# new to Bees in AZ with free Bees



## July (Mar 6, 2016)

Hello Bee World! 
I am Elated to no longer be a wannabee, but have a bee two or three or 400.
There's got to be poetry in there somewhere, or perhaps a country-western song or at least some rap lyrics

I built a top bar hive out of an old cedar fence my neighbor tore down; ripped the top bars from some two by fours scraps I had laying about; baited the hive with purée of lemongrass made in the blender with water then painted inside the cavity; rubbed the top bars with some antique batik wax; and in moved a swarm moved. 

Actually two swarms moved in. But the first one was so hot and I was sick with a bad cold. So, I had a local beekeeper taken them away. I believe if I've been thinking straight, I would've kept them. The beekeeper left the hive in disarray, I let him take a half dozen or so bars. No sooner did I put the hive back together when another bunch moved in. That was two weeks ago.

As soon as I finish sewing a bee suit together I'm going to inspect the hive. That's probably this week as I obtained an old drapery sheer and cowboy hat from a local rummage sale.

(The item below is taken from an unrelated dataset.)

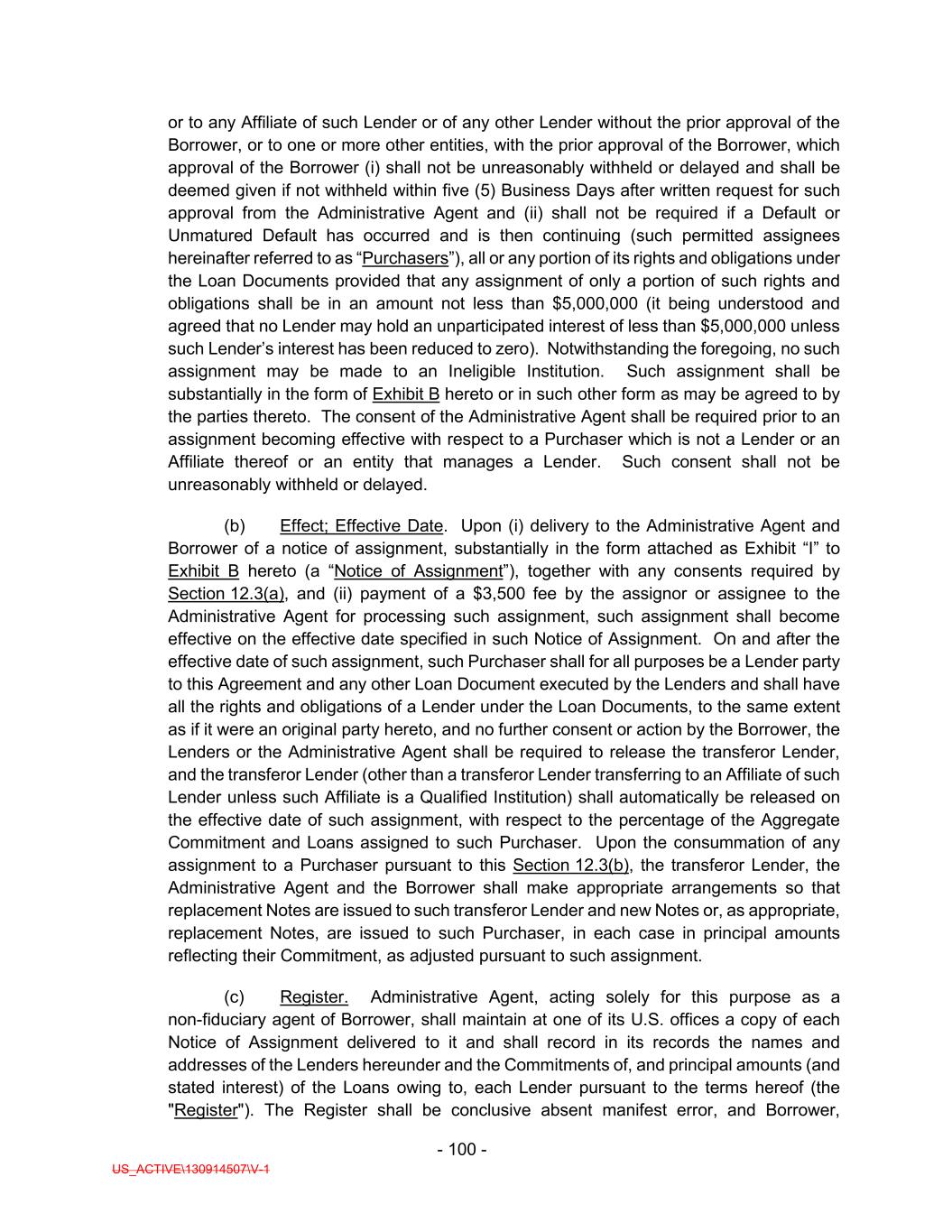 - 100 - US_ACTIVE\130914507\V-1 or to any Affiliate of such Lender or of any other Lender without the prior approval of the Borrower, or to one or more other entities, with the prior approval of the Borrower, which approval of the Borrower (i) shall not be unreasonably withheld or delayed and shall be deemed given if not withheld within five (5) Business Days after written request for such approval from the Administrative Agent and (ii) shall not be required if a Default or Unmatured Default has occurred and is then continuing (such permitted assignees hereinafter referred to as “Purchasers”), all or any portion of its rights and obligations under the Loan Documents provided that any assignment of only a portion of such rights and obligations shall be in an amount not less than $5,000,000 (it being understood and agreed that no Lender may hold an unparticipated interest of less than $5,000,000 unless such Lender’s interest has been reduced to zero). Notwithstanding the foregoing, no such assignment may be made to an Ineligible Institution. Such assignment shall be substantially in the form of Exhibit B hereto or in such other form as may be agreed to by the parties thereto. The consent of the Administrative Agent shall be required prior to an assignment becoming effective with respect to a Purchaser which is not a Lender or an Affiliate thereof or an entity that manages a Lender. Such consent shall not be unreasonably withheld or delayed. (b) Effect; Effective Date. Upon (i) delivery to the Administrative Agent and Borrower of a notice of assignment, substantially in the form attached as Exhibit “I” to Exhibit B hereto (a “Notice of Assignment”), together with any consents required by Section 12.3(a), and (ii) payment of a $3,500 fee by the assignor or assignee to the Administrative Agent for processing such assignment, such assignment shall become effective on the effective date specified in such Notice of Assignment. On and after the effective date of such assignment, such Purchaser shall for all purposes be a Lender party to this Agreement and any other Loan Document executed by the Lenders and shall have all the rights and obligations of a Lender under the Loan Documents, to the same extent as if it were an original party hereto, and no further consent or action by the Borrower, the Lenders or the Administrative Agent shall be required to release the transferor Lender, and the transferor Lender (other than a transferor Lender transferring to an Affiliate of such Lender unless such Affiliate is a Qualified Institution) shall automatically be released on the effective date of such assignment, with respect to the percentage of the Aggregate Commitment and Loans assigned to such Purchaser. Upon the consummation of any assignment to a Purchaser pursuant to this Section 12.3(b), the transferor Lender, the Administrative Agent and the Borrower shall make appropriate arrangements so that replacement Notes are issued to such transferor Lender and new Notes or, as appropriate, replacement Notes, are issued to such Purchaser, in each case in principal amounts reflecting their Commitment, as adjusted pursuant to such assignment. (c) Register. Administrative Agent, acting solely for this purpose as a non-fiduciary agent of Borrower, shall maintain at one of its U.S. offices a copy of each Notice of Assignment delivered to it and shall record in its records the names and addresses of the Lenders hereunder and the Commitments of, and principal amounts (and stated interest) of the Loans owing to, each Lender pursuant to the terms hereof (the "Register"). The Register shall be conclusive absent manifest error, and Borrower,
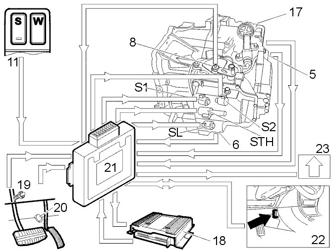 All of this information is processed by the transmission control module (TCM) (21). The control module calculates which gear will provide the best driving performance for the driving mode selected. The transmission control module (TCM) orders gear shifting by transmitting gear shifting signals to two shift solenoids (S1, S2) in the transmission. Depending on the input signals, the control module determines if and when torque converter lock- up should be activated. Lock- up is engaged with the help of a special solenoid (SL).

These are some of the most gentle bees, they let me go right up next to them take to do some digital imaging.
I'm glad I let the hot hive go.

-----------------July
in Mesa, Arizona


----------



## AmericasBeekeeper (Jan 24, 2010)

Welcome! Even Africanized bees will let you up close until they have comb. Comb is home and they will defend it.


----------



## GaryG74 (Apr 9, 2014)

Welcome to BeeSource! Good luck this year.


----------



## Ibeetom (Feb 19, 2016)

Welcome to the forum!


----------